千织打开盒子,是一枚漂亮的向日葵胸针,在月光的映照下折射出清透的亮光。
“是水晶的,衬你的眼睛。”
“生辰喜乐,小千。”
千织看着礼物,把盒子递回去,语气带着点理直气壮。
“不给我戴上吗?”
威廉眼中的笑意更浓,接过盒子取出胸针,别在了人的胸口。
呼吸几乎交织在一起,两双眼睛对视,只有月亮静静的注视着这一切。
不知是谁先别过了脸,威廉觉得自己的心跳失了速,难得跳脱于理智之外,彰显着存在感。
“二楼的事情顺利吗?”
他听到千织问,恢复了些许的理智。
“很顺利。见到了该见的人,拿到了想要的信息。宴会是个好舞台,每个人都戴着面具,反而容易看到面具下的真实。”
他停顿了一下,看向千织,
“谢谢你,小千。没有你吸引大部分注意,我的行动不会这么顺畅。”
“我们是一家人。”
两人沉默地站了一会儿,共享着这份无需多言的默契。
寒风凛冽,但千织却感到一种奇异的平静。
回到大厅后,宴会已接近尾声。
千织坚持到了最后,与侯爵一同站在门口,送别重要宾客。
许多人在离开时,都会特意再与他握手,说上几句赞扬和祝福的话,眼神与初到时已大不相同。
麦考夫是最后一批离开的宾客之一。
他与侯爵告别后,目光再次落在千织身上,嘴角勾起一个难以捉摸的弧度:
“期待我们未来的……合作,坎特米尔先生。今晚很精彩。

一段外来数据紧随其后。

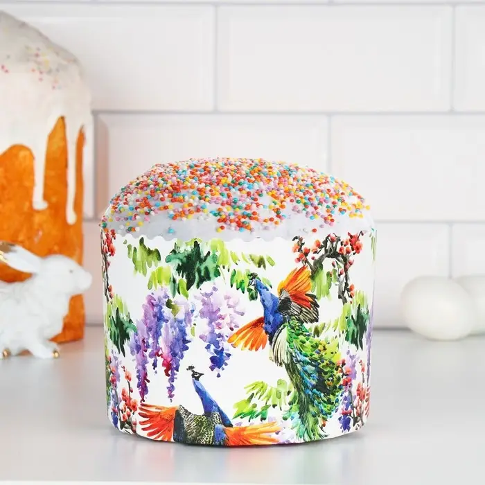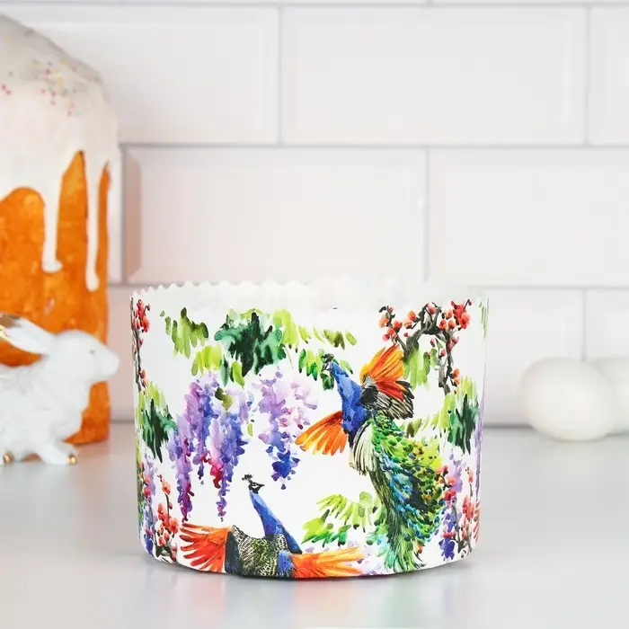Форма бумажная для кулича "Павлины" 134 х 100 мм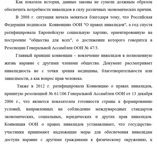 Российскую Федерацию часто называют страной, не приспособленной для комфортной жизни инвалидов. Действительно, получение инвалидности в нашей стране часто сопряжено с огромным числом дополнительных проблем, которые могут решить лишь родственники. Разумеется, в последнее десятилетие предпринимаются шаги к тому, чтобы склонить ситуацию в лучшую сторону: госучреждения обязали иметь специальные пандусы и поручни, частично приспособлен для перевозки инвалидов транспорт в крупных городах и т. д[9]. Однако данная категория граждан по-прежнему остается маломобильной. А ведь многие инвалиды работают или учатся, занимаются общественной, научной, политической деятельностью. Исходя из этого может возникнуть и потребность в перелетах инвалидов в другие города и страны, реализация которой в реальных условиях представляет трудности. Просматривая материалы периодической печати, телевизионные новости, мы видим случаи, когда инвалидам отказывают в посадке на самолет или в продаже билетов, тем самым усугубляя проблемы этой категории граждан. Например, 18 февраля 2009 г. в аэропорту «Домодедово» незрячего пассажира Павла Обиуха не пропустили на борт самолета авиакомпании «Сибирь». В 2015 г. известного экономиста и инвалида-колясочницу Ирину Ясину отказались пускать на борт самолета Пермь – Москва без осмотра медиков. Не все случаи предаются огласке, но очевидно, что проблема есть. В любом случае жизнь инвалидов – это решение множества проблем адаптации, в том числе адаптации к своей низкой мобильности, физическим ограничениям, отношению окружающих.

”
“夜安,福尔摩斯阁下。”
千织礼貌地回应,目送他瘦高的身影消失在门外的夜色中。
当最后一位宾客的马车驶离,宅邸的大门缓缓关闭,隔绝了外界的喧嚣与窥探。
仆人们开始安静而迅速地收拾,水晶灯的光芒似乎也疲惫地暗淡下来。
坎特米尔侯爵长长地舒了一口气,卸下了维持整晚的威严姿态,显得苍老了一些,但神情是满足的。
“孩子。你做得比我想象的还要好。”
他拥抱了千织一下,感受到少年身体的些微僵硬,但很快放松下来,回以一个轻轻的拥抱。
“谢谢爷爷。”
千织低声说。
这句感谢发自内心。
回到自己的房间,千织几乎立刻瘫坐在扶手椅中。
疲惫如同潮水般将他淹没,不仅仅是身体上的,更是精神上的。
他拆开左手腕的绷带检查,伤口没有裂开,但周围的皮肤因长时间压迫和之前的用力显得有些红肿。
他重新清洗、上药、包扎,动作熟练。
换下礼服,穿上舒适的睡衣,他走到窗边。
夜空如墨,只有寥寥几颗星子闪烁。
伦敦沉睡在下方,但它从未真正沉睡。
无数秘密在黑暗中滋生,无数计划在暗处酝酿。
他的成人礼结束了。
桌面上,麦考伯的名片静静地躺在那里。
旁边是他母亲和外祖母的吊坠,在烛光下泛着柔和的银辉。
千织拿起那张名片,指尖摩挲着凸起的印刷字体。
合作?
还是较量?
或许两者皆有。
未来变得更加复杂,但也更加清晰。
他注定要在光与暗的交界处行走,用自己所能做到的全部,守护他所珍视的一切。
窗外,泰晤士河上的雾气再次升起,缓缓漫过河岸,吞噬了最后的灯火。
千织的青绿色眼眸在黑暗中适应着这模糊的视野,安静地凝视着即将到来的黎明,以及黎明之后,那更加波澜壮阔却也更加危机四伏的未来。
十八岁,只是一个开始。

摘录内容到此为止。